=== Activity ===
From start to finish, set down the entries below exactly, leaving out the pictures.

(Data begins)

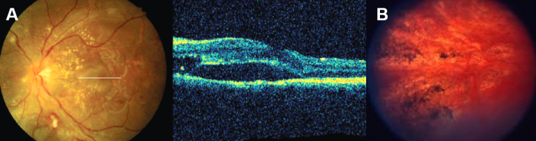 그림 6. (A) 국소망막색소 상피박리의 안저 사진과 OCT 사진, (B) Siegrist’s Streak #고혈압성 시신경병증 1) 악성 고혈압 → 유두부종 + 시신경 모세혈관 확장 + 유두 경계 부위 선상 출혈 + 황반부 삼출물 (그림7)
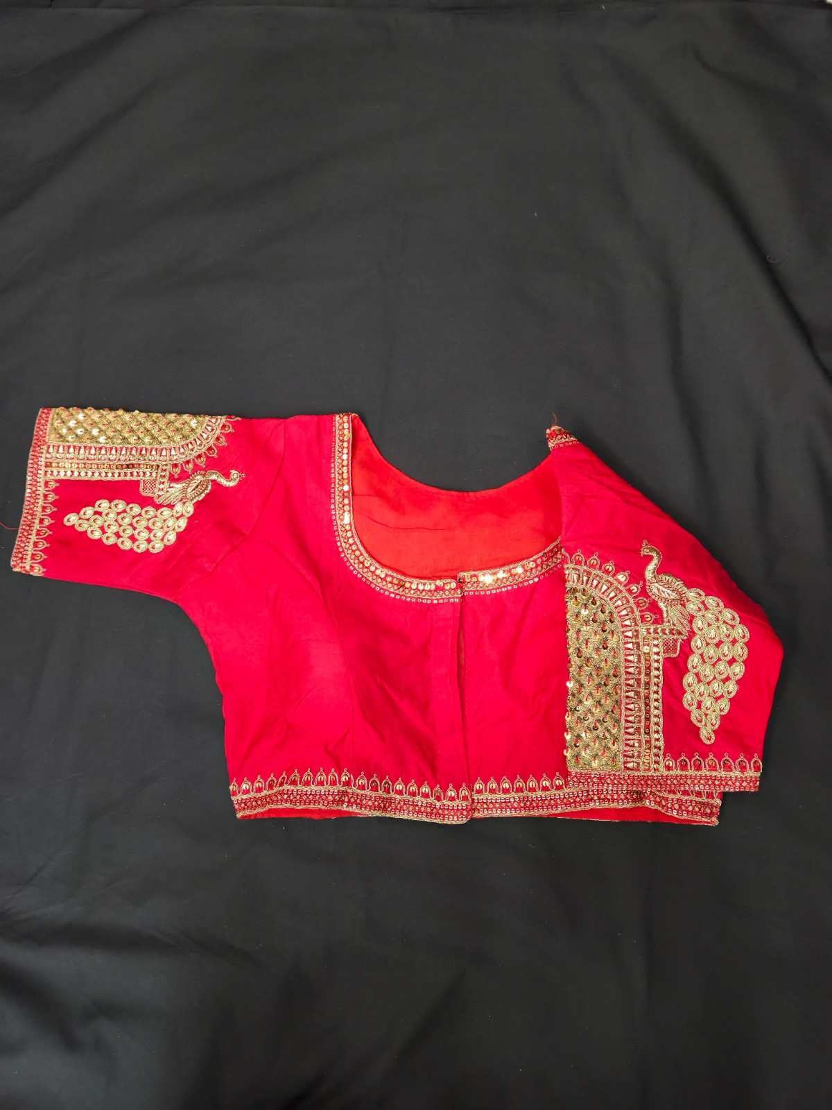 Beautiful Hand Embroidery Red Color Peacock Design Blouse.
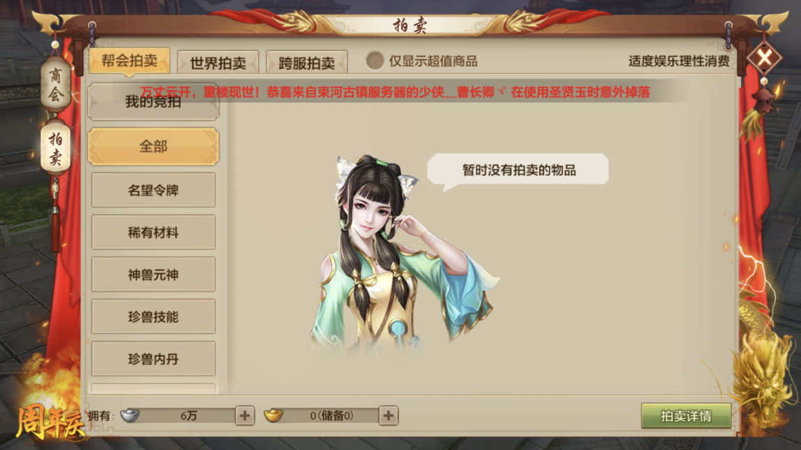 当活动结束后前几个率先击杀玩的帮会还会获得额外战利品。战利品会进行帮会拍卖所获得的元宝会进行分红。战利品包括宝石提升符-稀有珍兽技能书-珍兽内丹-名望玉令。
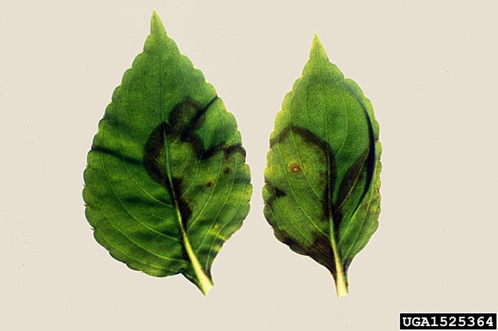 - Sur des végétaux plus âgés, les premiers symptômes apparaissent généralement à l’apex de la plante.
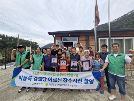직․공장새마을운동 안동시협의회(회장 이건호)는 7월 20일(일) 임하면 고일미등록 경로당과 이번 산불로 피해를 입은 임하면 고곡리 선진이동주택 어르신들을 대상으로 장수사진 촬영 봉사를 진행했다.

(Data ends)

=== Answer section ===
 그림 6. (A) 국소망막색소 상피박리의 안저 사진과 OCT 사진, (B) Siegrist’s Streak #고혈압성 시신경병증 1) 악성 고혈압 → 유두부종 + 시신경 모세혈관 확장 + 유두 경계 부위 선상 출혈 + 황반부 삼출물 (그림7)
 Beautiful Hand Embroidery Red Color Peacock Design Blouse.
 当活动结束后前几个率先击杀玩的帮会还会获得额外战利品。战利品会进行帮会拍卖所获得的元宝会进行分红。战利品包括宝石提升符-稀有珍兽技能书-珍兽内丹-名望玉令。
 - Sur des végétaux plus âgés, les premiers symptômes apparaissent généralement à l’apex de la plante.
직․공장새마을운동 안동시협의회(회장 이건호)는 7월 20일(일) 임하면 고일미등록 경로당과 이번 산불로 피해를 입은 임하면 고곡리 선진이동주택 어르신들을 대상으로 장수사진 촬영 봉사를 진행했다.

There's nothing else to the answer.